• **Task to carry out**:
Transcribe all of the records word for word, please, omitting the pictures.

*** Opening of Source material ***

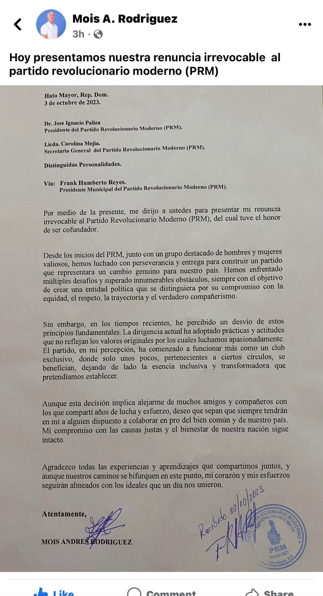Santo Domingo RD–Mediante un comunicado el precandidato Mois Andrés Rodríguez, presentó su renuncia formal del Partido Revolucionario Moderno (PRM), por la razón de que ha percibo un desvió de los principios fundamentales y han adoptado prácticas y actitudes que no reflejan los valores y está comenzado a funcionar más como un club.
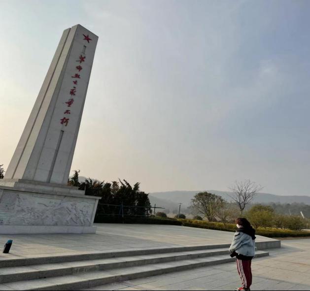 跟随王昕彤迈入基地的刹那,一股沉重的气息就将我们一行人包围,巨大而又刚毅的石碑屹立着,历史的厚重气息,让我怀着无比的敬意,走到了烈士纪念碑面前。滁州,吴头楚尾,自古就有“金陵锁钥,江淮保障”之称。抗战时期,滁州也是著名抗日根据地之一,中原局进驻滁州时,在许多老一辈无产阶级革命家中都留下战斗痕迹,这是伤痕,也是荣耀。一九三九年十二月到一九四零年二月的三次中原局会议,为华中抗日根据地的发展和新四军的壮大奠定了坚实基础。半塔保卫战更是新四军以少胜多的经典战例,也使滁州更加荣光。这载入滁州市烈士纪念碑的碑文,是滁州的历史,也是滁州的光辉,每一个字句标点后,都是无数人的努力与牺牲!
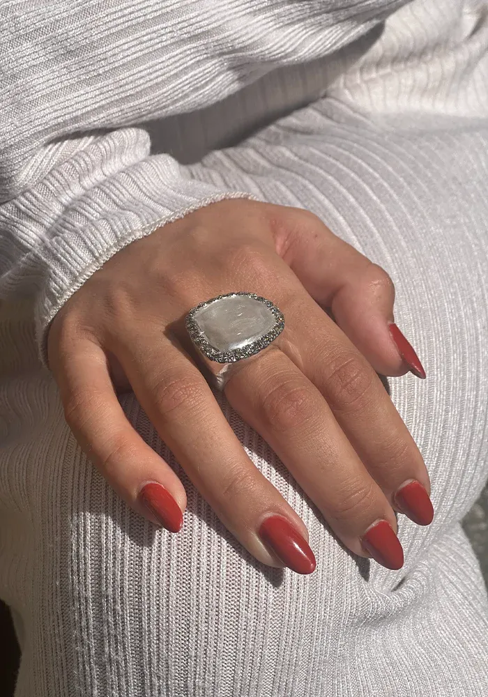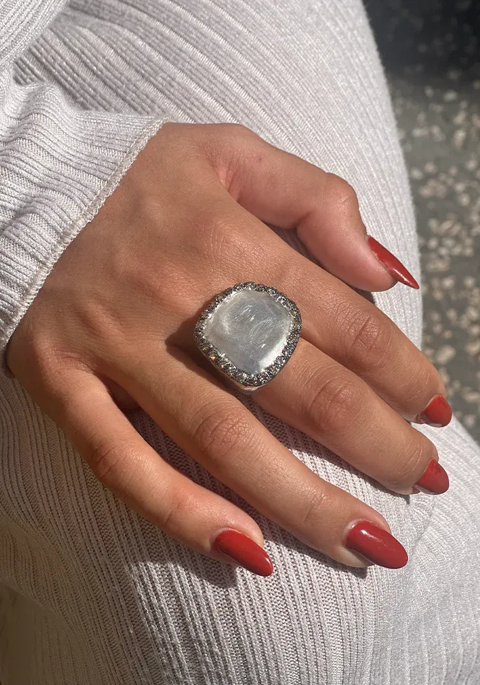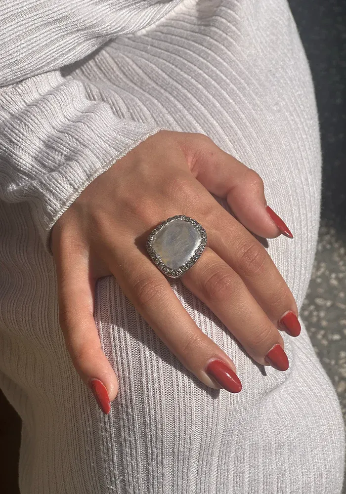 Bague Sirine en argent sterling avec une forme carré XXL sur le dessus avec un effet brossé et entouré de 26 diamants cognacs.
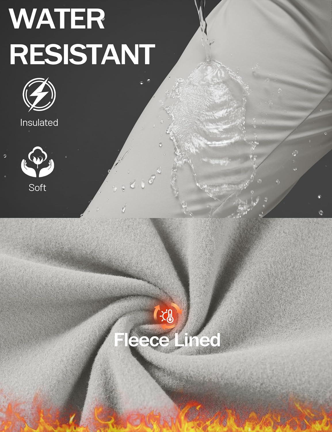 MAGCOMSEN Women’s Fleece Lined Joggers High Waisted Water Resistant Thermal Winter Hiking Running Sweatpants with Pockets(Light Khaki)
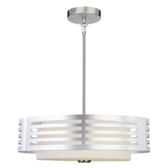 This chandelier looks modern, which certainly creates a stylish outlook in your living room. It is strongly held by a vertical bar, which carries the whole lamp from the ceiling. The lamp itself is in a somewhat circular shape, with a silver frame surrounding it. Four empty lines are found on the frame to let the lights more freely shine through the room.
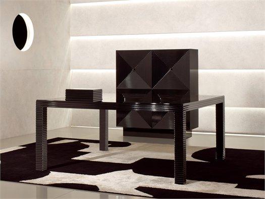 Использование черного дерева макассар и лакированной древесины создает неповторимый стиль.

*** Close of Source material ***

• **Result of the exercise**:
Santo Domingo RD–Mediante un comunicado el precandidato Mois Andrés Rodríguez, presentó su renuncia formal del Partido Revolucionario Moderno (PRM), por la razón de que ha percibo un desvió de los principios fundamentales y han adoptado prácticas y actitudes que no reflejan los valores y está comenzado a funcionar más como un club.
 跟随王昕彤迈入基地的刹那,一股沉重的气息就将我们一行人包围,巨大而又刚毅的石碑屹立着,历史的厚重气息,让我怀着无比的敬意,走到了烈士纪念碑面前。滁州,吴头楚尾,自古就有“金陵锁钥,江淮保障”之称。抗战时期,滁州也是著名抗日根据地之一,中原局进驻滁州时,在许多老一辈无产阶级革命家中都留下战斗痕迹,这是伤痕,也是荣耀。一九三九年十二月到一九四零年二月的三次中原局会议,为华中抗日根据地的发展和新四军的壮大奠定了坚实基础。半塔保卫战更是新四军以少胜多的经典战例,也使滁州更加荣光。这载入滁州市烈士纪念碑的碑文,是滁州的历史,也是滁州的光辉,每一个字句标点后,都是无数人的努力与牺牲!
 Bague Sirine en argent sterling avec une forme carré XXL sur le dessus avec un effet brossé et entouré de 26 diamants cognacs.
 MAGCOMSEN Women’s Fleece Lined Joggers High Waisted Water Resistant Thermal Winter Hiking Running Sweatpants with Pockets(Light Khaki)
 This chandelier looks modern, which certainly creates a stylish outlook in your living room. It is strongly held by a vertical bar, which carries the whole lamp from the ceiling. The lamp itself is in a somewhat circular shape, with a silver frame surrounding it. Four empty lines are found on the frame to let the lights more freely shine through the room.
 Использование черного дерева макассар и лакированной древесины создает неповторимый стиль.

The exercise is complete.